On-Device AI, Local AI
Running AI models directly on end-user devices — phones, laptops, IoT sensors, cars — rather than in the cloud. Edge AI means your data never leaves your device, latency is near-zero (no network round-trip), and the model works offline. Apple Intelligence, Google's on-device Gemini Nano, and local LLM runners like llama.cpp and Ollama are all edge AI.

Why it matters

Edge AI is where privacy, latency, and cost intersect. Cloud AI means sending your data to someone else's server, waiting for a response, and paying per token. Edge AI means instant, private, free-after-download inference. The trade-off is model size: edge devices have limited memory, so on-device models are smaller and less capable than cloud models. But for many tasks, a fast 3B model on your phone beats a slow 400B model in a data center.

Deep Dive

The key constraint for edge AI is memory. A phone might have 6–12 GB of RAM shared between the OS, apps, and the model. A laptop might have 8–32 GB. This limits model size: a 3B parameter model at 4-bit quantization needs about 1.5 GB, feasible on a phone.
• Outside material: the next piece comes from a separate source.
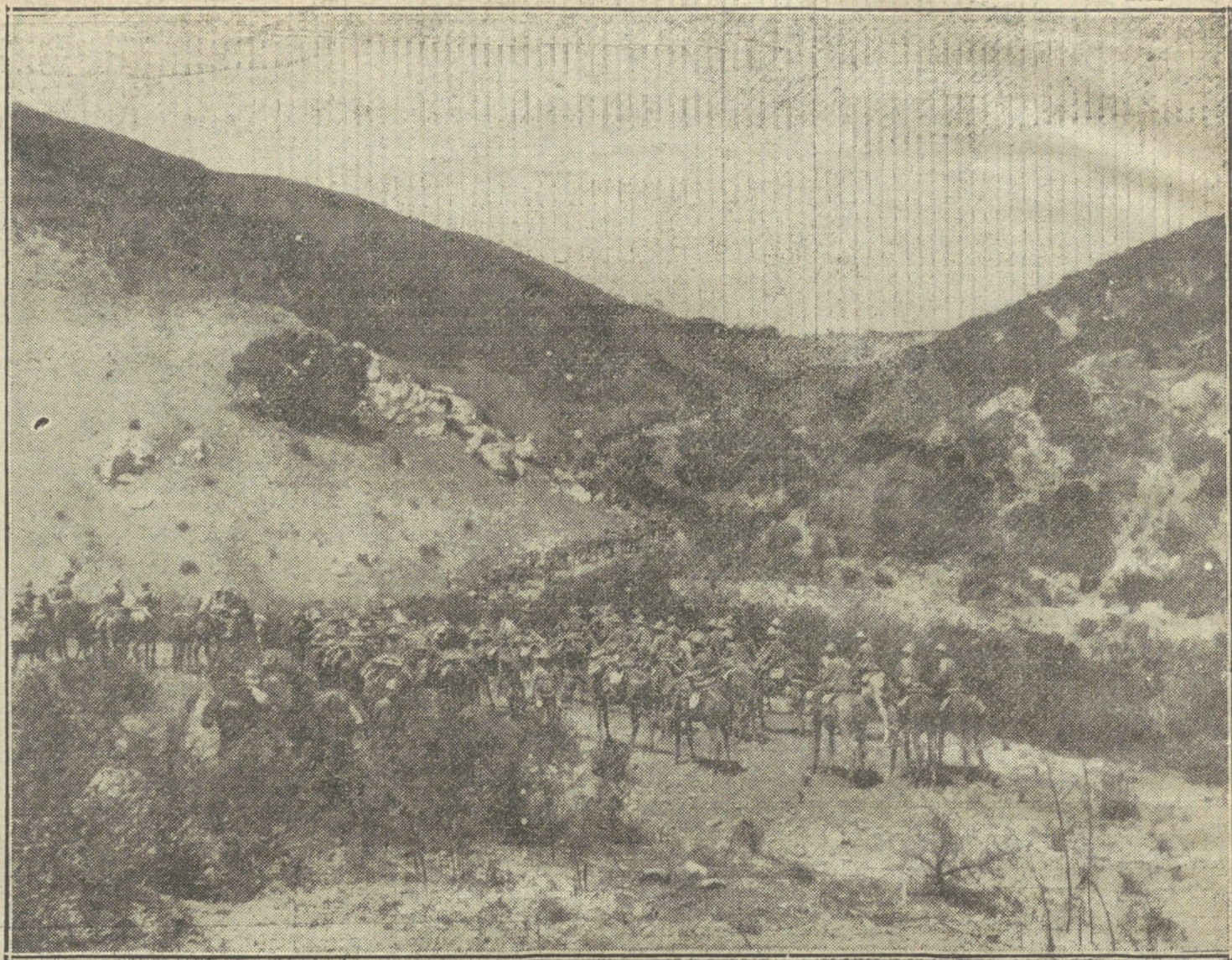
NUESTRA ACCION EN MARRUECOS.—La columna del general Arráiz subiendo a Kudia Federico para emprender una operación.

indaga cuál es el medio más propio a su respetabilidad de hacer su entrada solemne en la santa ciudad, y en estas idas y venidas se nos va el coche, y así quedamos pesarosos por esta mala suerte que nos dejó abandonados en el Rincón. Más todo habían de ser contratiempos, que si el coche valenciano de viajeros allá voló con sus seis caballos trotones y enjazeados como para feria, aún quedaban aquí los carros Lonner, de Sanidad Militar, que trajeron heridos y enfermos, y que ahora han de volver con el convoy. Pedimos autorización, y, concedida, nos acomodamos en este triste vehículo, donde tantas veces el dolor de la guerra se refugiara.

A 7B model needs about 4 GB, feasible on a decent laptop. Anything larger requires aggressive quantization or offloading to disk (slow).

The Apple Silicon Effect

Apple's M-series chips (M1–M4) with unified memory architecture made edge AI practical for laptops. Unlike discrete GPU setups where model weights must fit in VRAM, Apple Silicon shares memory between CPU and GPU, so a MacBook with 32 GB unified memory can run a 24B model at 4-bit quantization smoothly. This, combined with llama.cpp's Metal optimization, created the local LLM movement.

Beyond Text

Edge AI isn't limited to language models. On-device speech recognition (Whisper), image classification, real-time translation, and predictive text all run locally. The trend is toward NPUs (Neural Processing Units) — dedicated AI accelerator chips built into phones and laptops that handle AI workloads more efficiently than general-purpose CPU/GPU. Apple's Neural Engine, Qualcomm's Hexagon, and Intel's NPU are all examples.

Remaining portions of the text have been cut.